The first table lists the base quantities used in the International System of Units to define the physical dimension of physical quantities for dimensional analysis. Note that the angle and solid angle are included in this list but are actually dimensionless quantities. The second table list the other physical quantities.
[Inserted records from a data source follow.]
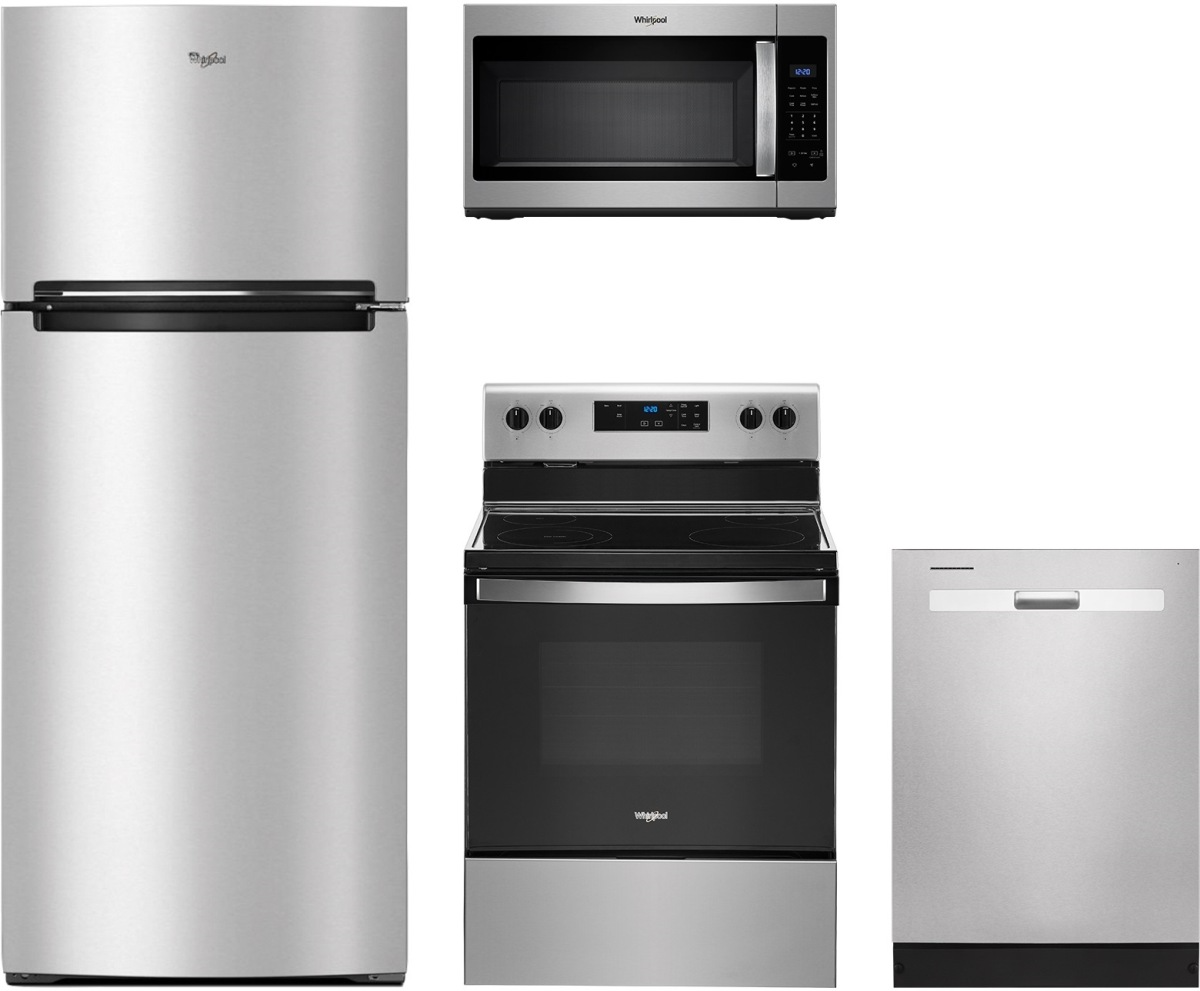 Whirlpool® 4 Piece Stainless Steel Kitchen Package with a built in dishwasher, over the range microwave, free standing electric range, and a top mount refrigerator.Read More
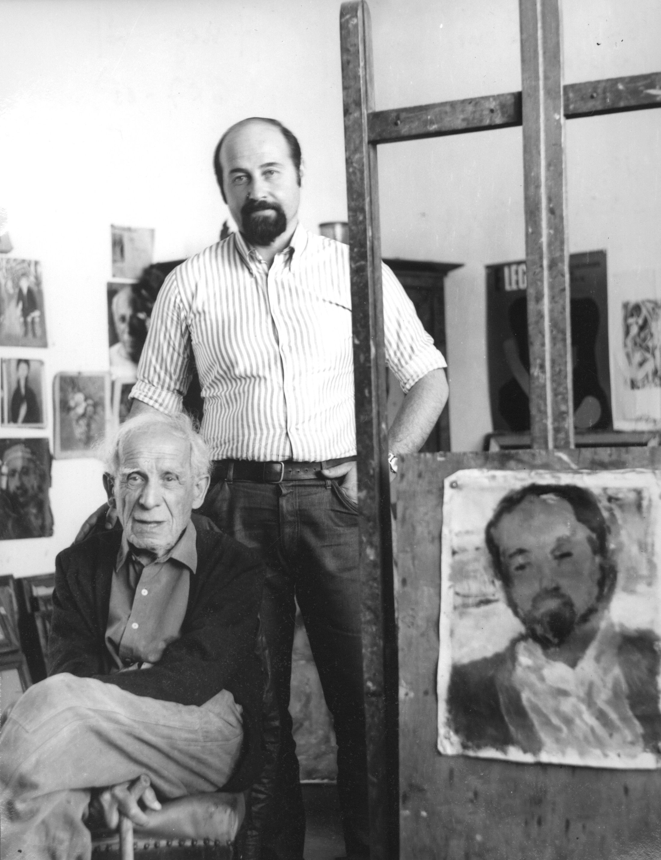 A felvétel Czóbel Béla műtermében, Szentendrén készült, 1973-ban. A festőállványon a befejezés előtt álló Deák portré, melynek jobb felső sarkáról még hiányzik a hangsúlyos, vörös betűs nagy Czóbel szignó.
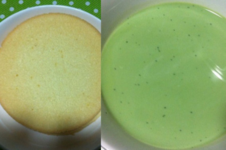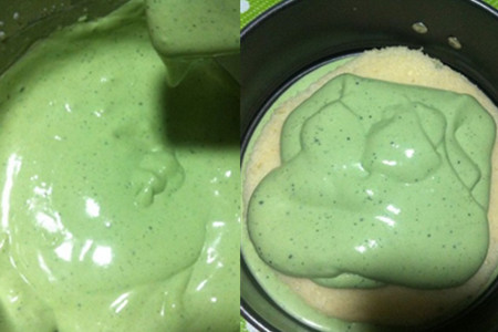 七、准备好慕斯模具,先倒入三分之一抹茶液,震平以后放入一片戚风蛋糕,再加入三分之一抹茶液,再放入一片戚风蛋糕。将剩下的抹茶液全部倒进模具,抹平表面。

Note :- neither the names nor the symbols used for the physical quantities are international standards. Some quantities are known as several different names such as the magnetic B-field which known as the magnetic flux density, the magnetic induction or simply as the magnetic field depending on the context. Similarly, surface tension can be denoted by either σ, γ or T. The table usually lists only one name and symbol.

The final column lists some special properties some of the quantities have such as their scaling behavior (i.e. whether the quantity is intensive or extensive), their transformation properties (i.e. whether the quantity is a scalar, vector or tensor) or whether the quantity is conserved.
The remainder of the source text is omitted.